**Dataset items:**

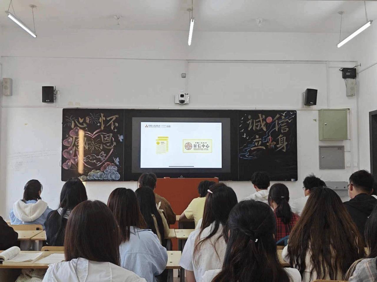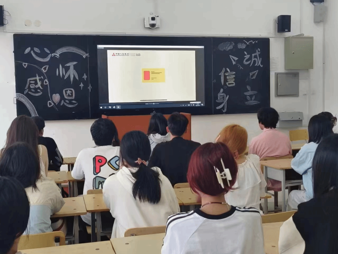 班会伊始,各班级组织学生观看中国人民银行出品的关于金融知识和反诈骗短片。该视频讲述了金融类常识及诈骗犯罪骗局,以此帮助同学们学习和掌握金融、反诈骗知识,提升了信用意识和维权意识。
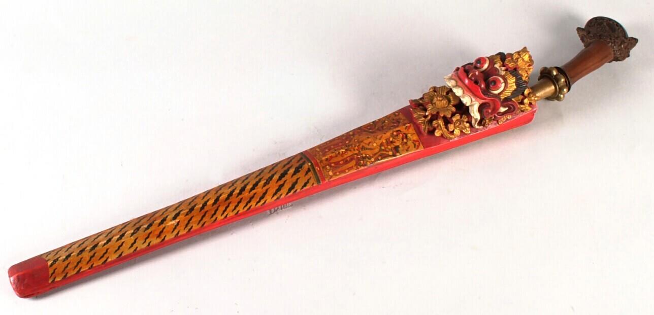 Zwaard, golok, met schede, mogelijk voor ceremoniële gelegenheden. Greep van donker hout in de vorm van een Pandji-hoofdtooi en makara-ornament. Schede versierd in reliëf met een kalakop, lotusbloemen boven de kop en aan de onderkaak. De voorzijde...
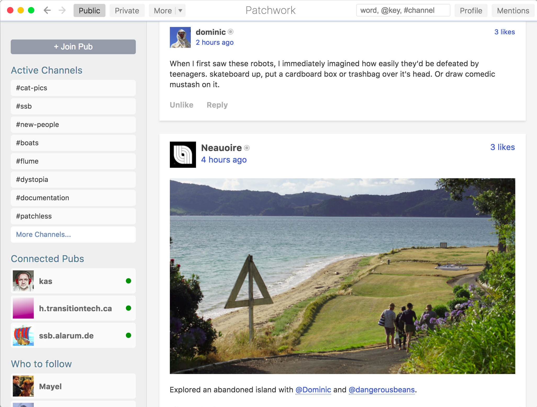 ssb-viewer which allows Scuttlebutt posts to be viewed on the web. There is technically an ssb pub behind that ssb-viewer instance but it's hops are set to 1 and it only follows Custo kiosks.
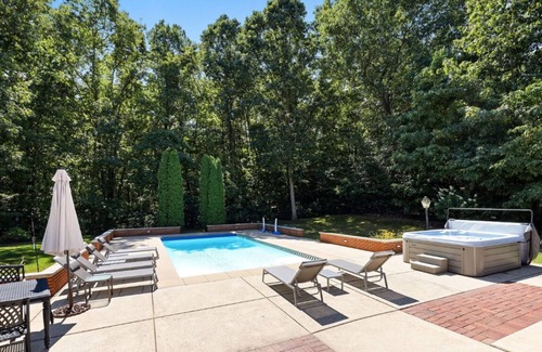 6 bdrm, 5.5 ba, heated pool, hot tub, fire pit and putting green | House in Grand Beach, MI
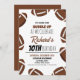 Apresentando o encantador convite para Aniversários de criança de futebol moderno! Este encantador convite combina o amor pelo futebol americano com uma vibração contemporânea e divertida. Sua cor castanha e ilustração adorável de um jogador de futebol novato instantaneamente cativante. A tipografia, com uma mistura de fontes divertidas, acrescenta um elemento de diversão e entusiasmo. Ideal para crianças que amam o esporte, este convite exude um apelo moderno e bonito, criando uma celebração de aniversário inesquecível e alegre centrada no seu esporte favorito. Prepare-se para um cheio de riso e alegria com tema desportivo!
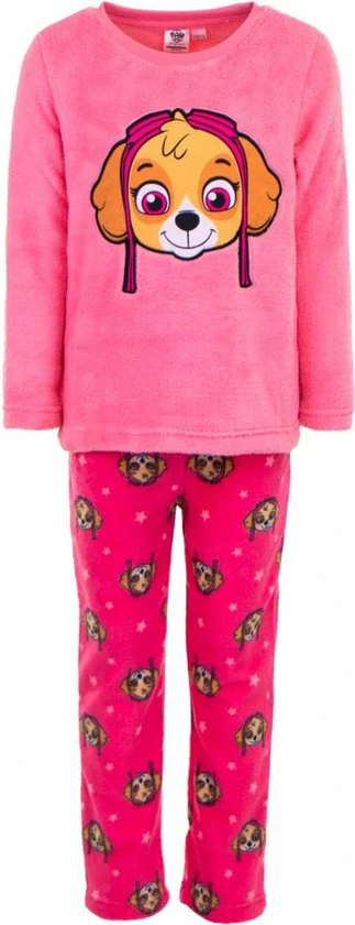 Heerlijke fleece pyjama van Paw Patrol. Degelijke kwaliteit. De kleur van de trui is lichtroze, de broek is donkerroze. Opdruk op zowel de voorkant van de trui als op de gehele bijpassende broek.
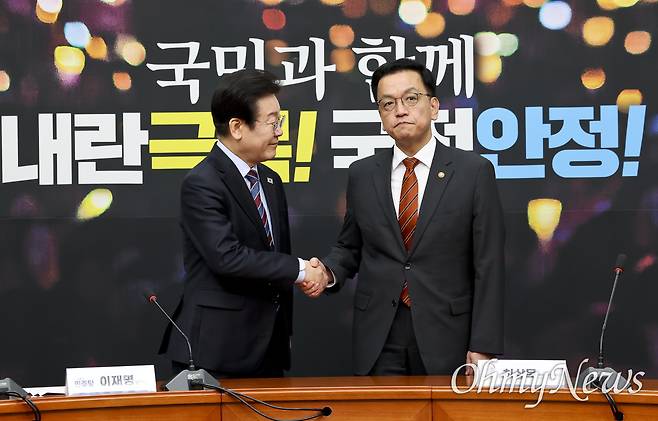 | ▲ 최상목 대통령 권한대행 부총리 겸 기획재정부 장관과 더불어민주당 이재명 대표가 13일 서울 여의도 국회에서 만나 악수를 하고 있다. |
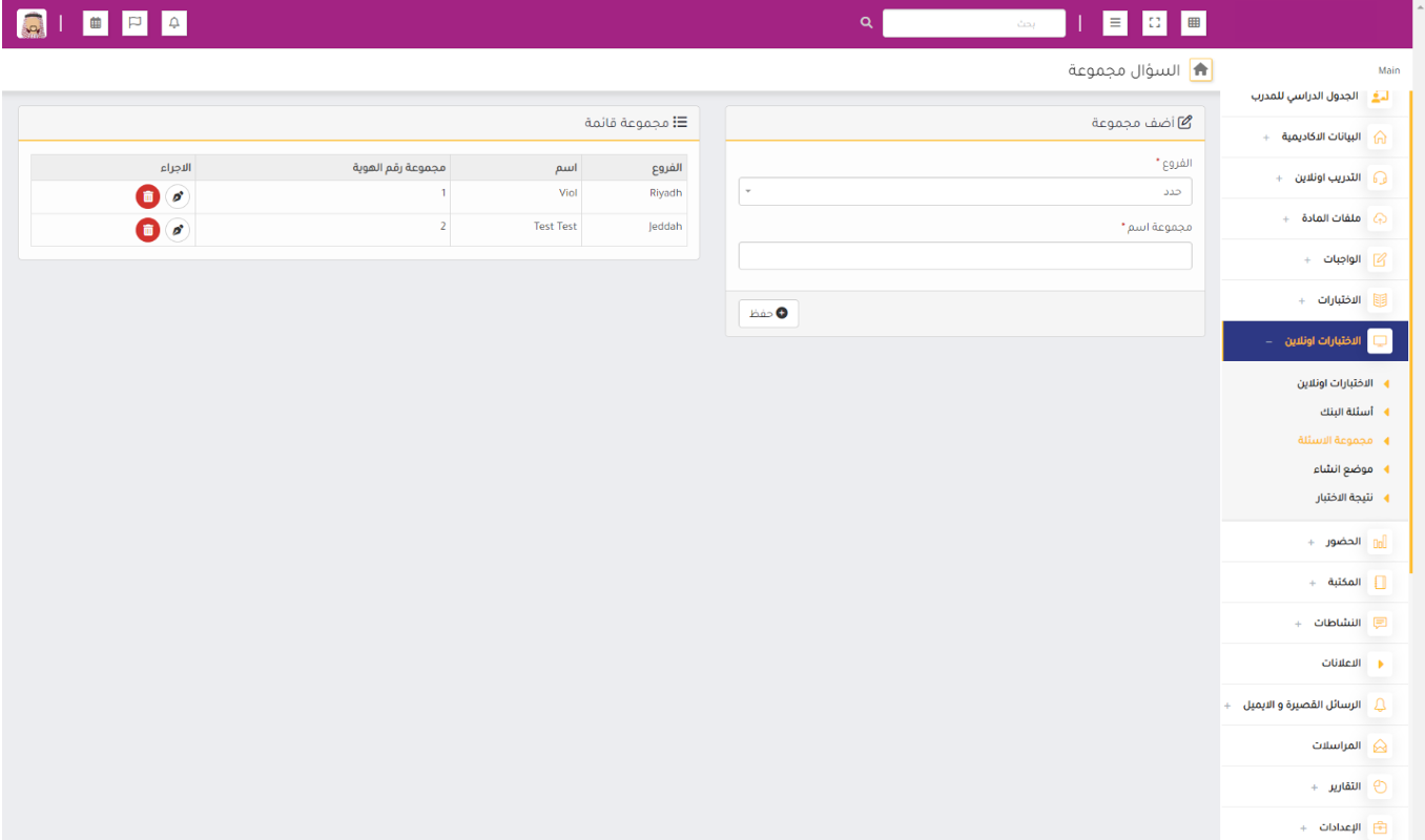 لاضافة مجموعة الاسئلة قم باختيار الفرع ثم قم بتسمية المجموعة الجديدة ثم قم بالحفظ

**Problem to solve:** Retype all entries exactly as they appear, dropping the images.

**Solution to the exercise:**
 班会伊始,各班级组织学生观看中国人民银行出品的关于金融知识和反诈骗短片。该视频讲述了金融类常识及诈骗犯罪骗局,以此帮助同学们学习和掌握金融、反诈骗知识,提升了信用意识和维权意识。
 Zwaard, golok, met schede, mogelijk voor ceremoniële gelegenheden. Greep van donker hout in de vorm van een Pandji-hoofdtooi en makara-ornament. Schede versierd in reliëf met een kalakop, lotusbloemen boven de kop en aan de onderkaak. De voorzijde...
 ssb-viewer which allows Scuttlebutt posts to be viewed on the web. There is technically an ssb pub behind that ssb-viewer instance but it's hops are set to 1 and it only follows Custo kiosks.
 6 bdrm, 5.5 ba, heated pool, hot tub, fire pit and putting green | House in Grand Beach, MI
 Apresentando o encantador convite para Aniversários de criança de futebol moderno! Este encantador convite combina o amor pelo futebol americano com uma vibração contemporânea e divertida. Sua cor castanha e ilustração adorável de um jogador de futebol novato instantaneamente cativante. A tipografia, com uma mistura de fontes divertidas, acrescenta um elemento de diversão e entusiasmo. Ideal para crianças que amam o esporte, este convite exude um apelo moderno e bonito, criando uma celebração de aniversário inesquecível e alegre centrada no seu esporte favorito. Prepare-se para um cheio de riso e alegria com tema desportivo!
 Heerlijke fleece pyjama van Paw Patrol. Degelijke kwaliteit. De kleur van de trui is lichtroze, de broek is donkerroze. Opdruk op zowel de voorkant van de trui als op de gehele bijpassende broek.
 | ▲ 최상목 대통령 권한대행 부총리 겸 기획재정부 장관과 더불어민주당 이재명 대표가 13일 서울 여의도 국회에서 만나 악수를 하고 있다. |
 لاضافة مجموعة الاسئلة قم باختيار الفرع ثم قم بتسمية المجموعة الجديدة ثم قم بالحفظ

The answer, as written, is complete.